Another twenty minutes of knocking and striking, all while regaining control over your muscles, the door to your little container finally cracks. Unlatched and opening, the rack that you’re laying on appears to pull out on its own. An automated system. The light outside is glaring, and you have to give yourself a moment to adjust. You take a few deep breaths, nearly rolling off the body-sized tray and landing unsteadily on your bare feet. Around you, there’s a collection of storage crates and a ladder leading up to another room.
Up the ladder, out of the hatch, and in through a few affixed halls, it’s a little easier to make meaning of things. You’re on a ship, and you’re able to recognize the general layout with more ease than expected. It seems mission-ready over commercial, which accounts for the level of emptiness your surroundings are. It feels like you’ve run through this space before, and it feels like déjà vu passing from one corridor to the next. You know there must be a cockpit here somewhere, and once you find it, you might get a better grasp of what you’re doing. Something in your mind’s itching to get a view of your trajectory, the velocity of the ship, some kind of extraneous details to help you get your bearings…

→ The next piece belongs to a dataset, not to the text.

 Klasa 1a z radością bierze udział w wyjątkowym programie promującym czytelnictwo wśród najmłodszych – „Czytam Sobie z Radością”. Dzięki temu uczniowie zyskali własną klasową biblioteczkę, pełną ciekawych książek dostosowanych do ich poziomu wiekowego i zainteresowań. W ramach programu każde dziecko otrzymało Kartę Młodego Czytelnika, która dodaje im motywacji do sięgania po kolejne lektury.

Your head is pounding. You don’t think you're concussed, but by the lightheaded feeling overtaking your skull, you must be severely dehydrated. You’re in a bit of a hurry to shed off the rest of the squeaky plastic second-skin off your body, leaving you in only a standard-white set of underwear. This leaves you cold and stumbling around the ship in search of some kind of coverage. You have to scramble around the existing mess for clothing. Papers, beakers, and plastic wrappers are scattered around the floor from corridor to corridor.There should be jumpsuits around here somewhere, maybe a standard set of sweatpants and a t-shirt…
A dark t-shirt strewn across a stool in this room, what you think has to be the lab. Two misshapen yellow eyes pierce their way out of the dark fabric. It’s Cats—strange that you know that. You’d like to know where you are, and what you’re doing on this ship, and all you know is that this is a t-shirt for the musical Cats. You slip the shirt over your head, letting it fall over your legs. It doesn’t offer the best amount of coverage, but it’ll do.
You keep moving along, corridor to corridor. The windows all show the same star-speckled black sky. You’d like to spend a little bit of time admiring this landscape when you have a better grasp of your current situation. There’s an open chamber, one window to peer in across from another to peer outside of the ship. Air-lock. And just nearby, there’s a ladder leading up to an open hatch. Best-case: the cockpit. You approach the opening with narrowed eyes. There’s a bit of clattering, and someone’s talking up there—single voice, raspy and uneven. Not the best sign. With a soft breath, you begin pulling yourself up rung by rung.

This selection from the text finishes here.